The Agricultural Revolution in Prehistoryaddresses one of the most debated and least understood revolutions in the history of our species, the change from hunting and gathering to farming. Graeme Barker takes a global view, and integrates a massive array of information from archaeology and many other disciplines, including anthropology, botany, climatology, genetics, linguistics, and zoology. Against current orthodoxy, Barker develops a strong case for the development of agricultural systems in many areas as transformations in the life-ways of the indigenous forager societies, and argues that these were as much changes in social norms and ideologies as in ways of obtaining food.
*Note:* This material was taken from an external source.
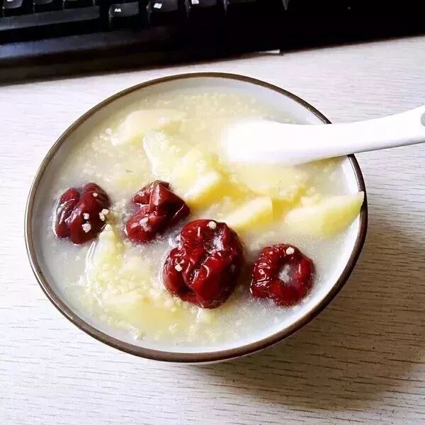 2、把粳米、紅棗、山楂和蘋果塊一同放入鍋中,加水熬成粥就可以吃啦,不用放糖,清甜還健康!

With a large number of helpful line drawings and photographs as well as a comprehensive bibliography, this authoritative study will appeal to a wide general readership as well as to specialists in a variety of fields.
1. Approaches to the origins of agriculture 2. Understanding foragers 3. Identifying foragers and farmers 4. The `hearth of domestication'? Transitions to farming in South-West Asia 5. Central and South Asia: the wheat/rice frontier 6. Rice and forest farming in East and South-East Asia 7. Weed, tuber, and maize farming in the Americas 8. Africa: Afro-Asiatic pastoralists and Bantu farmers? 9. Transitions to farming in Europe: ex oriente lux? 10. The agricultural revolution in prehistory: why did foragers become farmers?
Graeme Barker is Disney Professor of Archaeology, and Director of the McDonald Institute for Archaeological Research, University of Cambridge.